Já o filme High-Rise
(No topo do poder), 2014, dirigido pelo Britânico Ben Wheatley, produzido por Jeremy Thomas e baseado na obra
homônima de James Graham Ballard. O filme
situa-se no fim da década 70, período emblemático em que as ideias neoliberais
começam a despontar na Inglaterra e no mundo, tendo como ambiente um enorme
edifício de luxo, da qual recebe um novo morador, o médico Robert Laing. Logo,
o protagonista, que ocupa uma posição mediana no prédio, se vê numa briga entre
os moradores dos andares superiores e inferiores. Essa desavença entre os
residentes revela uma luta de classes própria do sistema capitalista, em que os
ocupantes dos andares superiores (a suposta elite) culpam os moradores dos
andares inferiores pelo mal funcionamento das estruturas do edifício. É daí que
desencadeia toda confusão, que provoca ações revoltosas levando ao mais
completo caos. O edifício trata-se de uma alegoria, um arquétipo da sociedade,
que como tal divide-se em classes sociais e cujas desigualdades tornam-se
evidentes. No entanto, essas desigualdades não são aceitas por aqueles que
ocupam as camadas mais inferiores, desdobrando-se em manifestações, muitas
vezes violentas.
Um
destaque importante no filme é em relação ao protagonista, que por pertencer
aos patamares medianos, se vê expulso da festa temática da elite que reside os
andares superiores.
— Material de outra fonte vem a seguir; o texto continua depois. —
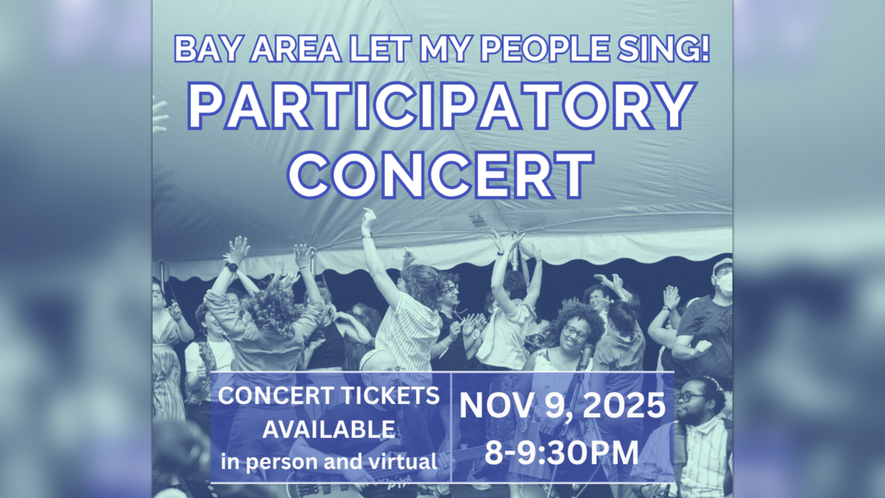 Join us virtually for the Let My People Sing! Bay Area Shabbaton's culminating participatory concert featuring program faculty Anat Halevy Hochberg, rabbi dr. koach baruch frazier, Batya Levine, Margot Seigle, featured teachers Eliana Light, Jessalynn Levine, and Rabbi Tsipora Gabai, and featured concert musicians Ilana Sherer, Katja Cooper, Candace Wase and Eva Orbuch.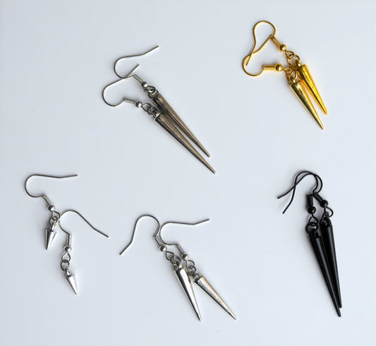 Black Gold Silver or Bronze Spike Earrings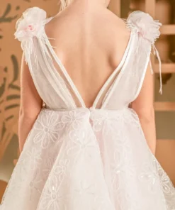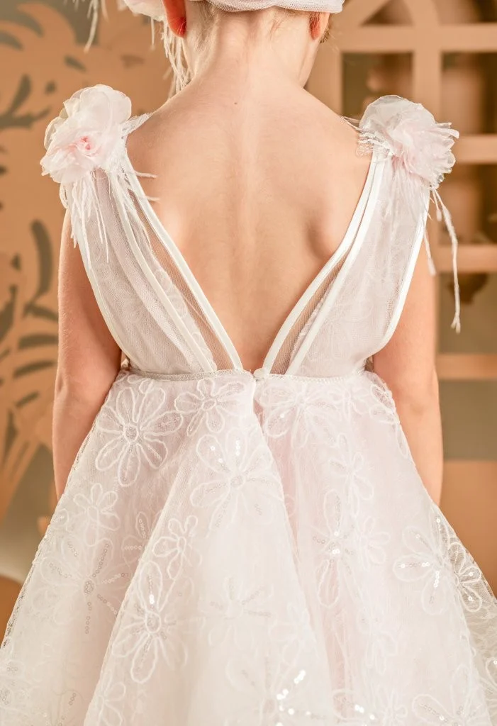 Ένα μαγευτικό φόρεμα με μοναδικό σχέδιο σε απαλή απόχρωση του κυκλάμινου , φτιαγμένο από κεντημένη δαντέλα με μαργαρίτες. Το μπούστο παίζει με τις στρώσεις και τις διαφάνειες, ενώ στους ώμους στολίζεται με χειροποίητα λουλούδια και φτερά. Η φούστα-ομπρέλα, με πολλές στρώσεις και διαφορετικά μήκη, χαρίζει όγκο και κίνηση. Το σύνολο ολοκληρώνει η τούλινη κορδέλα για τα μαλλιά, διακοσμημένη υπέροχα με φιόγκο, λουλούδι και φτερά.

High-Rise (No topo do poder) nos dá uma sátira de um
microcosmo distópico em que as diferenças sociais podem acirrar os ânimos e
tornar o confronto inevitável. Outro ponto a ser destacado no filme, faz
referência ao arquiteto que projetou o prédio - morador da cobertura, como
alguém que a princípio seria o controlador de tudo. Alegoricamente, poderíamos
comparar o arquiteto como um criador, uma espécie de tecnocrata que detém o
poder para interferir nos modus operandi daquela sociedade
microcósmica. Porém, este suposto poder do arquiteto não se configura, dado que
ali introduziu-se um ambiente de guerra, caótico e impossível de governar a
partir do momento em que a democracia foi rompida. Enfim, o filme
trate-se de uma crítica social e econômica daquilo que vivemos hoje no mundo
neoliberal, colocando em pauta as desigualdades, o preconceito e principalmente
onde poderá se chegar caso essas diferenças tornem-se ainda mais abissais. Pois
não estamos muito longe de uma convulsão classes. Ambos os filmes trazem
em sua temática problemas cotidianos, questões ligadas as diferenças sociais e
as desigualdades de renda. Percebe-se que os dois filmes têm como palco a cidade
grande, local em que as pessoas procuram realizar seus desejos, obter
oportunidades e desenvolver-se profissionalmente. No entanto, acabam frustradas
nessas ilusões meramente capitalistas.